As with any prescriptive design method, you should not blindly follow the steps in the order given. Most design work contains an element of trial and error, and progress on all steps usually proceeds in parallel. There is no point, for example, in determining additional information and developing new operations (steps 2 and 4) if we will not be able to maintain the additional information efficiently. Nevertheless, this four-step method provides a good focus for your efforts in augmenting a data structure, and it is also a good way to organize the documentation of an augmented data structure.

We followed these steps in Section 14.1 to design our order-statistic trees. For step 1, we chose red-black trees as the underlying data structure. A clue to the suitability of red-black trees comes from their efficient support of other dynamic-set operations on a total order, such as MINIMUM, MAXIMUM, SUCCESSOR, and PREDECESSOR.
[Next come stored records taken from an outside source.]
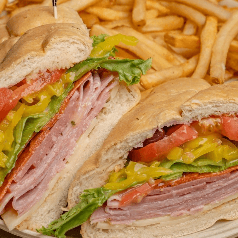 Ham, bologna, salami topped with lettuce, tomato, banana pepper, and Italian dressing in a pita with yellow American cheese.
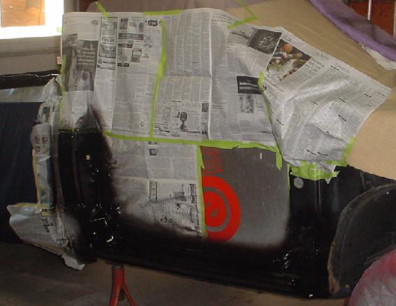 Below are the door and the fender painted. With the interior of the door removed, the outside was taped off and the door was painted black. This way when the truck is painted in the spring, the door jams will be the right color. The same was done with the fender. (It's smooth, the picture is just compressed).
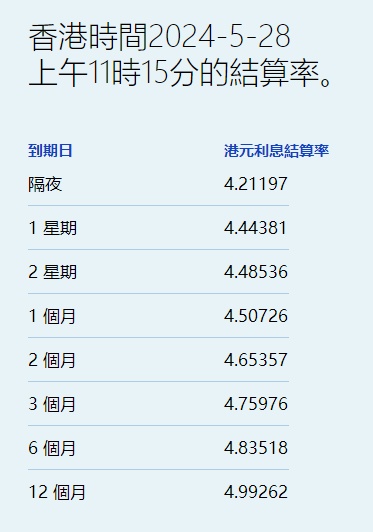 智通财经APP获悉,5月28日,港元拆息个别发展,其中,隔夜息结束两连升,回落至4.21197%。与楼按相关的一个月拆息三连升,报4.50726%,为4月3日以来最高。
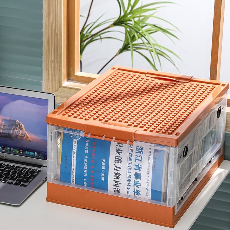 Snacks vêtements jouet organisateur boîte porte latérale peut être empilé avec roue assemblé conteneur de stockage pliant
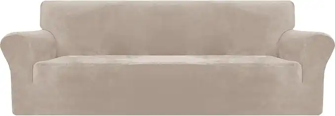 MAXIJIN Thick Velvet Sofa Covers 3 Seater Super Stretch Couch Cover for Dogs Cat Pet Friendly 1-Piece Elastic Furniture Protector Plush Sofa Slipcovers (3 Seater, Khaki)
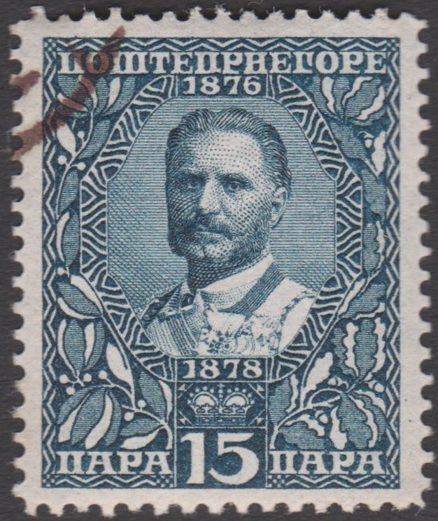 Montenegro MiNr. 76 erschien am 15.08.1910jul. (= 28.08.1910greg.) zur Krönung des Fürsten zum König und zeigt König Nikola I. im Jahre 1878:
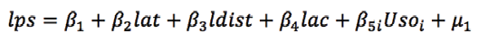 El rápido y desbordado crecimiento poblacional de Bogotá generó una fuerte demanda de localización residencial y, con ella, económica. La respuesta de la administración fue permitir cambios y expansión de usos del suelo dentro del perímetro urbano y cambios en la clasificación del suelo para ofertar suelo a los hogares de bajos ingresos. Estas decisiones implicaron el desbordamiento de la ciudad sobre centros urbanos menores, como Usaquén, Suba, Engativá, Fontibón y Usme. Lo relevante de estas decisiones es su efecto sobre las expectativas del mercado de suelo rural en la frontera de las ciudades. Para tal efecto, se estimó por medio de Mínimos Cuadrados Ordinarios el logaritmo del precio del metro cuadrado de suelo rural (lps) en función del área del terreno (lat), de la distancia al perímetro urbano (ldist), del área construida (lac) y de los distintos usos del suelo (Usoi), como se señala en la siguiente ecuación:

For step 2, we provided the size field, in which each node x stores the size of the subtree rooted at x. Generally, the additional information makes operations more efficient. For example, we could have implemented OS-SELECT and OS-RANK using just the keys stored in the tree, but they would not have run in O(lg n) time. Sometimes, the additional information is pointer information rather than data, as in Exercise 14.2-1.
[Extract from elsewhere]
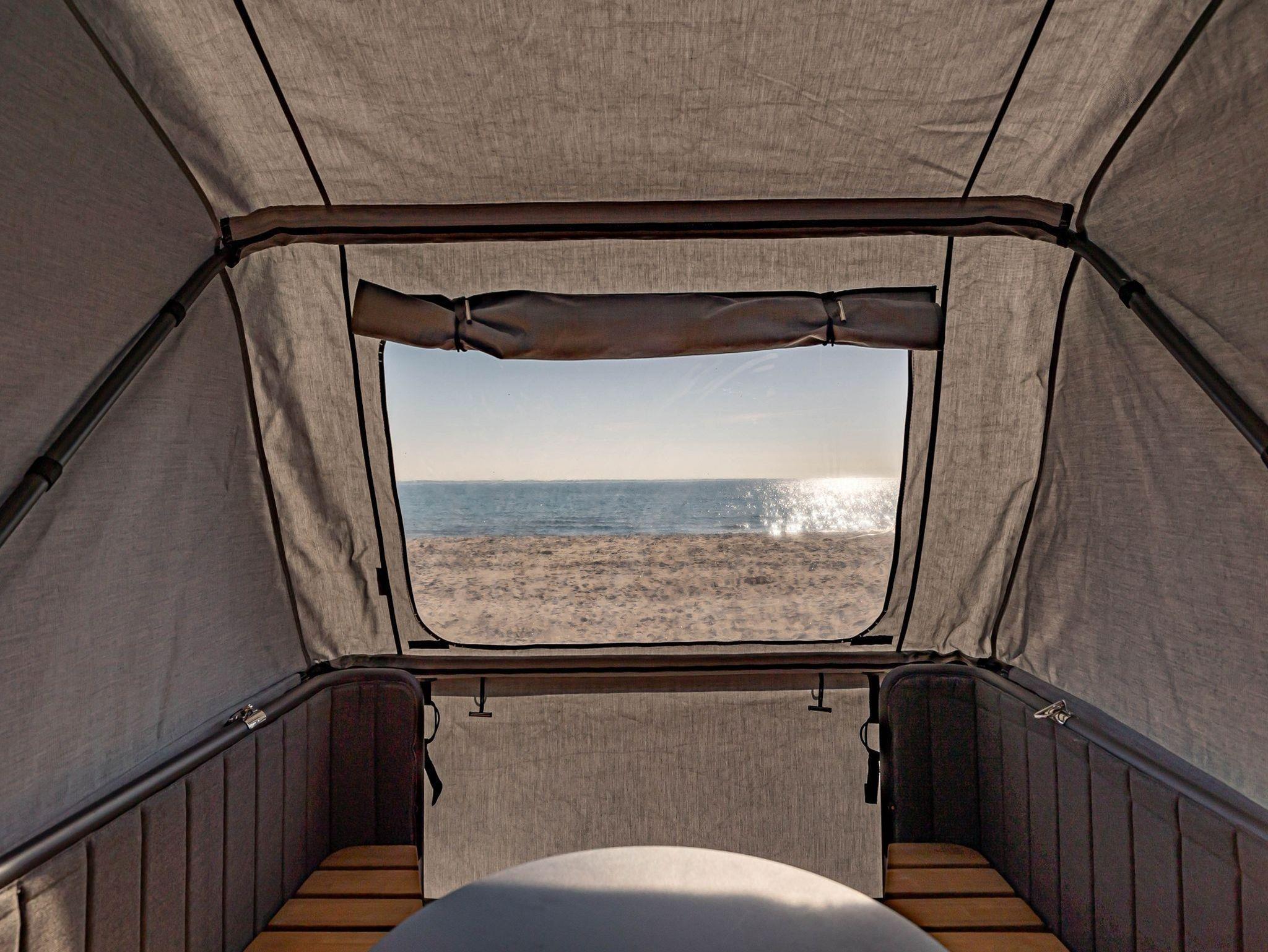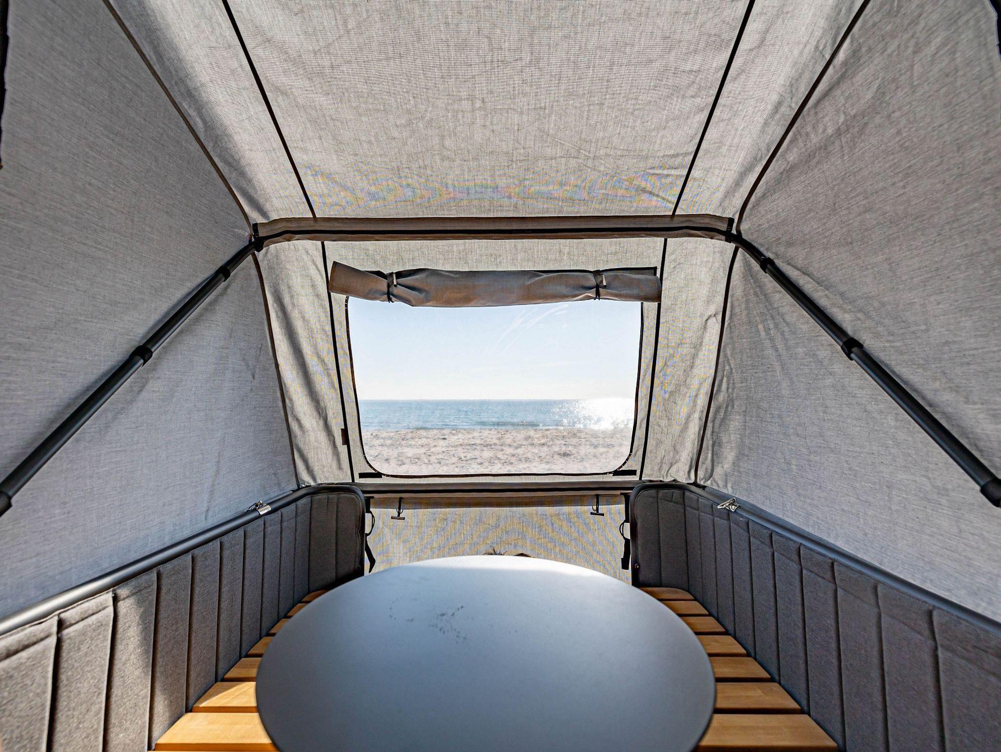 Die beiden Bullaugen rechts und links und das Sichtfenster vorne im Verdeck für Sternengucker gestatten einen weiten Ausblick auf Strand und Meer und können blickdicht verdunkelt werden.

For step 3, we ensured that insertion and deletion could maintain the size fields while still running in O(lg n) time. Ideally, only a few elements of the data structure should need to be updated in order to maintain the additional information. For example, if we simply stored in each node its rank in the tree, the OS-SELECT and OS-RANK procedures would run quickly, but inserting a new minimum element would cause a change to this information in every node of the tree. When we store subtree sizes instead, inserting a new element causes information to change in only O(lg n) nodes.
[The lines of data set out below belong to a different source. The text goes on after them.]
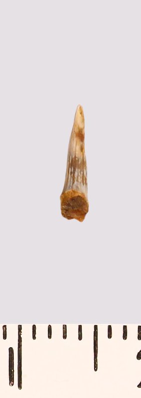 Зуб (фрагмент). Акула. Scapanorhynchus raphiodon (Agassiz, 1843). Классификация: Хордовые Chordata, Позвоночные Vertebrata, Хрящевые рыбы Chondrichthyes, Пластиножаберные Elasmobranchii
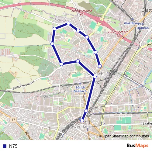 The first stop of the N75 bus route is Zürich, Seebach and the last stop is Zürich Oerlikon, Bahnhof. N75 is operational during on weekends.
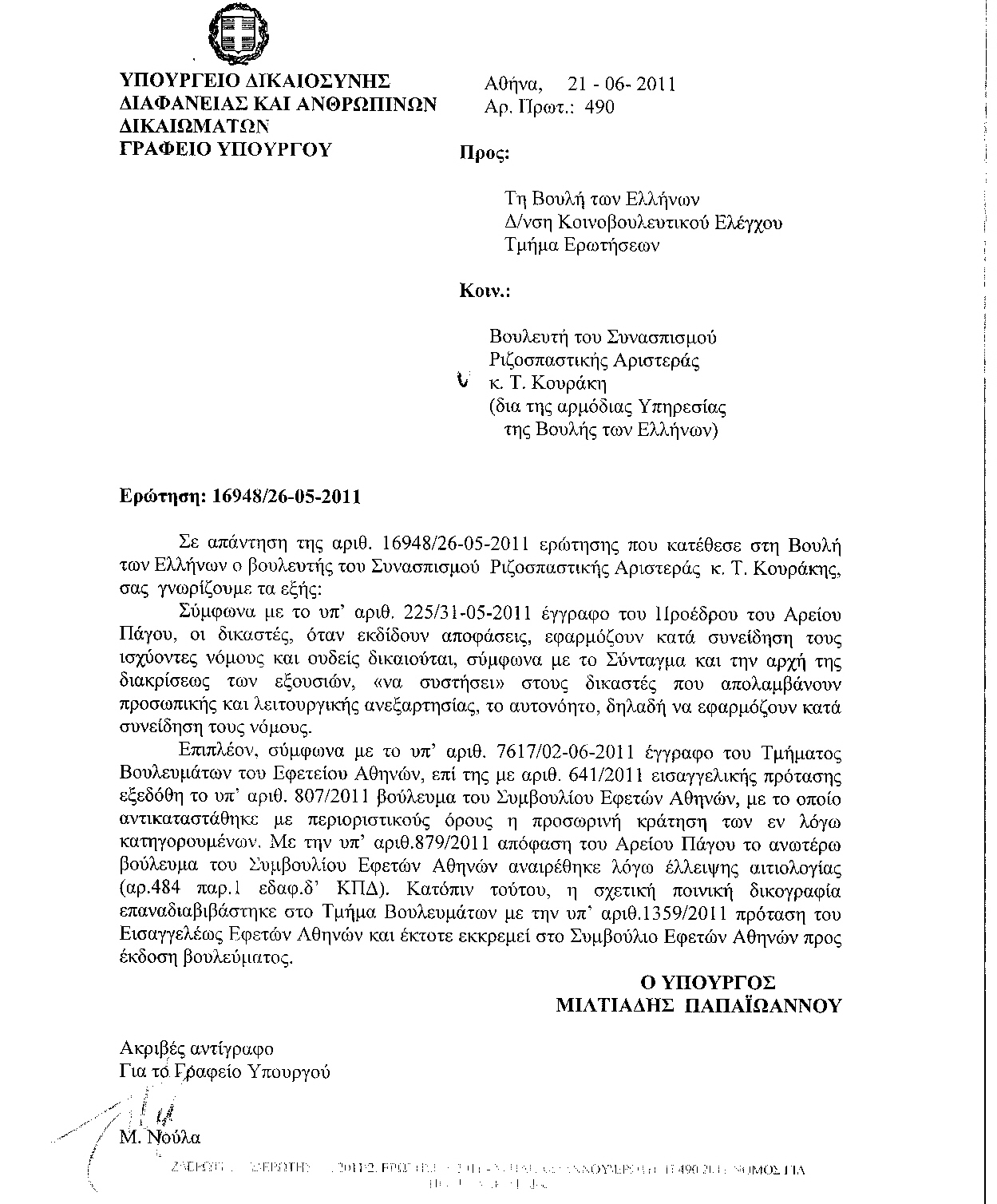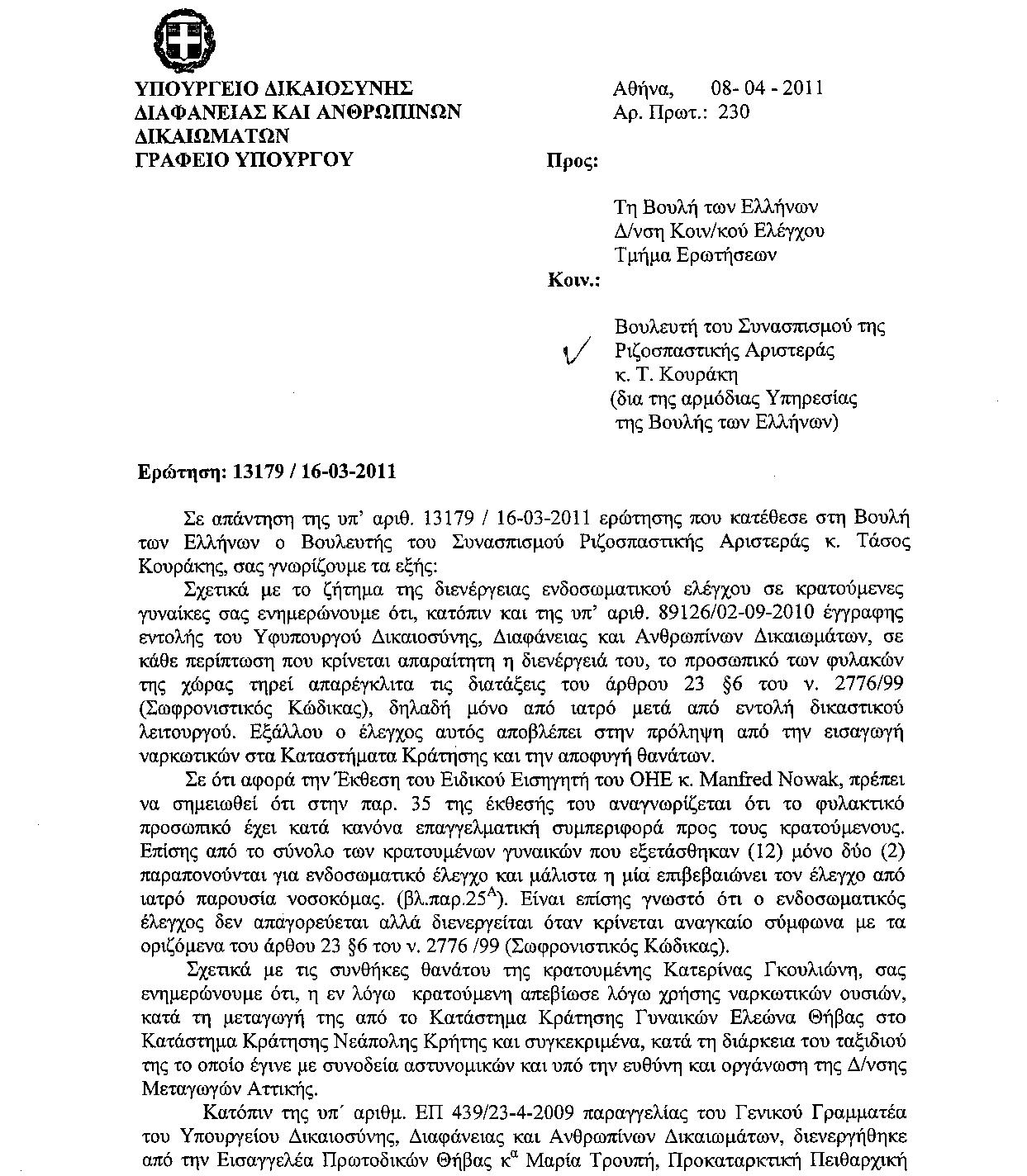 Με αφορμή την ανακοίνωση της Γενικής Αστυνομικής Διεύθυνσης Θεσσαλονίκης για την παραπομπή 17 ατόμων για τα γεγονότα των παρελάσεων, ο Τάσος Κουράκης, βουλευτής του ΣΥΡΙΖΑ και Ζ΄ Αντιπρόεδρος της Βουλής των Ελλήνων, δήλωσε:

For step 4, we developed the operations OS-SELECT and OS-RANK. After all, the need for new operations is why we bother to augment a data structure in the first place. Occasionally, rather than developing new operations, we use the additional information to expedite existing ones, as in Exercise 14.2-1.

Augmenting Red-Black Trees

When red-black trees underlie an augmented data structure, we can prove that certain kinds of additional information can always be efficiently maintained by insertion and deletion, thereby making step 3 very easy. The proof of the following theorem is similar to the argument from Section 14.1 that the size field can be maintained for order-statistic trees.

Theorem 14.1: (Augmenting a Red-Black Tree)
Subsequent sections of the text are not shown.